Subject Area Virology
Term from 2019 to 2022
Project identifier Deutsche Forschungsgemeinschaft (DFG) - Project number 410256219
 
Chronic hepatitis B virus (HBV) infection continues to be a major health problem worldwide, and remains hard to be cured. Immunotherapy with Interferon α (IFNα) is an important method for the clinical treatment of chronic hepatitis B. IFNα exhibits direct antiviral effect as well as immunomodulatory activities, which can induce sustained antiviral responses in part of the treated chronic hepatitis B patients.
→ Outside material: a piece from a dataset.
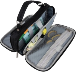 Nodaliet rakstāmpiederumus, piederumus un elektroniku. Divvirzienu rāvējslēdzēji ļauj ātri un ērti atvērt no abām pusēm.
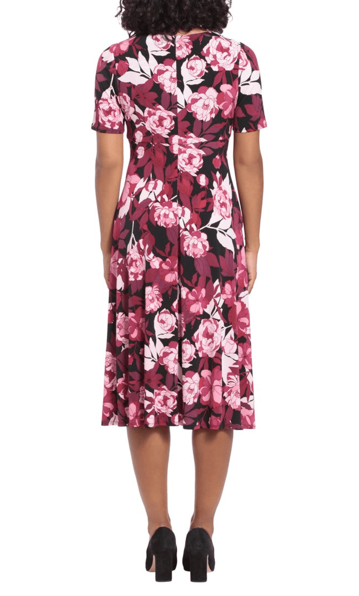 CoLook fresh and pretty in this London Times T6564M creation. This elegant dress features a beautiful floral print on a comfortable jersey fabric, perfect for any occasion. The half-length sleeves and enclosed back provide a classic and modest look, while the keyhole front adds a touch of glamour. The pleated skirt flows gracefully and complements the natural A-line shape of the dress. The scoop neckline adds a flattering touch to the overall look. Be fabulous in London Times T6564M! Model is wearing Black Dusty Pink color.

However, our previous studies have demonstrated that the clinically used subtype (IFNα2) is not the most effective subtype for the anti-HBV treatment among all IFNα subtypes. So far very little is known about the IFNα subtype-specific susceptibility during the course of HBV infection and its related cellular and molecular mechanism. In the current project, by employing human clinical samples, in vitro cellular models as well as in vivo animal models, we want to firstly study the induction of IFNA subtypes in different tissues from HBV-infected patients and we will correlate this with ISG expression pattern in different patient cohorts. We also aim to investigate the antiviral effects of specific human IFNα subtypes on HBV cccDNA, which is a major hurdle in eradicating HBV. Further analysis of the immune response against HBV in the context of IFN-mediated immunotherapies and the role of individual cell subsets will be investigated. The results of the study will provide theoretical and experimental evidences for designing new targeted immunotherapeutic strategies for chronic hepatitis B infection.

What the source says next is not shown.